*** Data ***

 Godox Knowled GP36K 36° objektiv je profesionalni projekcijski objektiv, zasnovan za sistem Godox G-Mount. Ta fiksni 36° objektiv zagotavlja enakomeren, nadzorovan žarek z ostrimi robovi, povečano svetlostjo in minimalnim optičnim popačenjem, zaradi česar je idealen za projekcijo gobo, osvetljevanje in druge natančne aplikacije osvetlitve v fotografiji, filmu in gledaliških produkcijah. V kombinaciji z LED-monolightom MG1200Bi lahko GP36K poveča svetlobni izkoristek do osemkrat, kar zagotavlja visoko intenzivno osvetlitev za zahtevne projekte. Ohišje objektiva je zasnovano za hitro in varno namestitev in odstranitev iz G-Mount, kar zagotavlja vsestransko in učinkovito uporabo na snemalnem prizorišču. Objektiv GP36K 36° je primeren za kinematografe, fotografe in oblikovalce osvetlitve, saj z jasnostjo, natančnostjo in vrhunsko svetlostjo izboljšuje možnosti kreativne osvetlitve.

***
*** Data ***

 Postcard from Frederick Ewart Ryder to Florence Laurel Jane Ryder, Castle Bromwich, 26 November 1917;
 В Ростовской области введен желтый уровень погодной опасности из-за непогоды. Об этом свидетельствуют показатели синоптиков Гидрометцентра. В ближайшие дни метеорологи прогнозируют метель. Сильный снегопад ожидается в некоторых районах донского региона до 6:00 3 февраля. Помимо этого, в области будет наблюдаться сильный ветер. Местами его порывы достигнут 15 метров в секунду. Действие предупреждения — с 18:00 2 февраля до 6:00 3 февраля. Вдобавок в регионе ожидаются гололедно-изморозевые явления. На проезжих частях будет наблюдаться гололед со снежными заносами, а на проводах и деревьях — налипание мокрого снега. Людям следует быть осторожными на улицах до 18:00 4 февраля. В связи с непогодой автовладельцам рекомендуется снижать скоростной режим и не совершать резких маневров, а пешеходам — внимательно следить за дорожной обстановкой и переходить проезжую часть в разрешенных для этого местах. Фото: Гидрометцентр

***

(Work order) Please give back exactly the lines of this listing beginning at the line with "Postcard from Frederick" and ending with the line with "В Ростовской области", both included, and nothing else.

(Task response)
 Postcard from Frederick Ewart Ryder to Florence Laurel Jane Ryder, Castle Bromwich, 26 November 1917;
 В Ростовской области введен желтый уровень погодной опасности из-за непогоды. Об этом свидетельствуют показатели синоптиков Гидрометцентра. В ближайшие дни метеорологи прогнозируют метель. Сильный снегопад ожидается в некоторых районах донского региона до 6:00 3 февраля. Помимо этого, в области будет наблюдаться сильный ветер. Местами его порывы достигнут 15 метров в секунду. Действие предупреждения — с 18:00 2 февраля до 6:00 3 февраля. Вдобавок в регионе ожидаются гололедно-изморозевые явления. На проезжих частях будет наблюдаться гололед со снежными заносами, а на проводах и деревьях — налипание мокрого снега. Людям следует быть осторожными на улицах до 18:00 4 февраля. В связи с непогодой автовладельцам рекомендуется снижать скоростной режим и не совершать резких маневров, а пешеходам — внимательно следить за дорожной обстановкой и переходить проезжую часть в разрешенных для этого местах. Фото: Гидрометцентр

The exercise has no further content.